EXERCISE INSTRUCTIONS → In the entries below, repeat only the lines between those holding "NYDJ Women's 3/4" and "5月26日,光明日报客户端以", inclusive. Leave pictures out.

SOURCE INFORMATION →
----
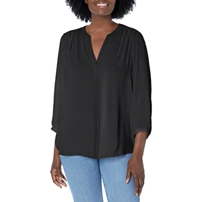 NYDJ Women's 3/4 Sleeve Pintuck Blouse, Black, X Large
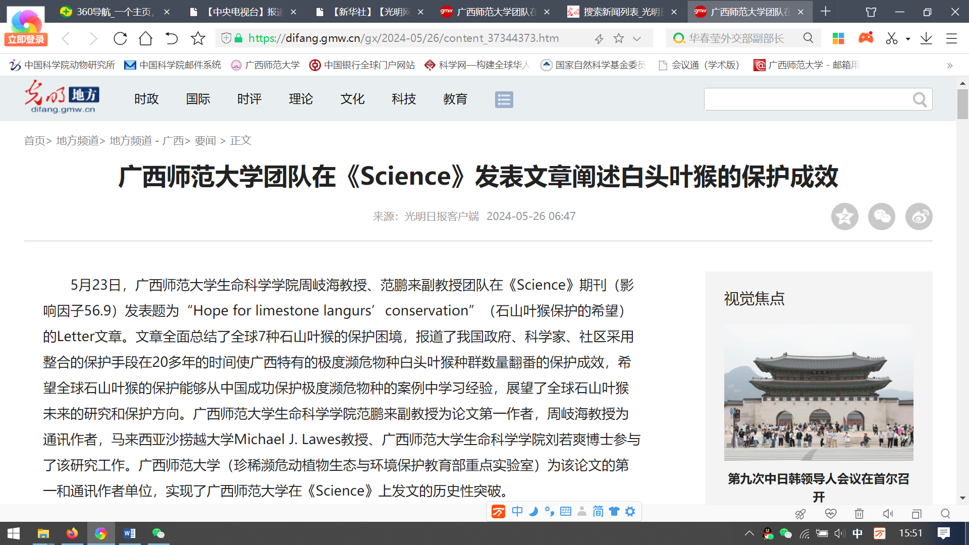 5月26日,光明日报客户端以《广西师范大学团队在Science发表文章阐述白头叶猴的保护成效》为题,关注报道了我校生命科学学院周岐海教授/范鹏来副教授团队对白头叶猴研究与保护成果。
----
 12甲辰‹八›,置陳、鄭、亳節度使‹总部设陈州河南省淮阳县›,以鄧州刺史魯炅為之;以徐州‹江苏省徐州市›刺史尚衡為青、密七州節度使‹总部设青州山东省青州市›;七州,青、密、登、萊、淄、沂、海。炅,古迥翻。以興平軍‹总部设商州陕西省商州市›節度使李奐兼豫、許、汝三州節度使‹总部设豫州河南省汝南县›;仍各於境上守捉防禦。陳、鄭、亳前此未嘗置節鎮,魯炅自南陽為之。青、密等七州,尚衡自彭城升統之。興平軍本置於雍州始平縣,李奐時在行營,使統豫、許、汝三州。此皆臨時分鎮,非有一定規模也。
----
EXPECTED ANSWER →
 NYDJ Women's 3/4 Sleeve Pintuck Blouse, Black, X Large
 5月26日,光明日报客户端以《广西师范大学团队在Science发表文章阐述白头叶猴的保护成效》为题,关注报道了我校生命科学学院周岐海教授/范鹏来副教授团队对白头叶猴研究与保护成果。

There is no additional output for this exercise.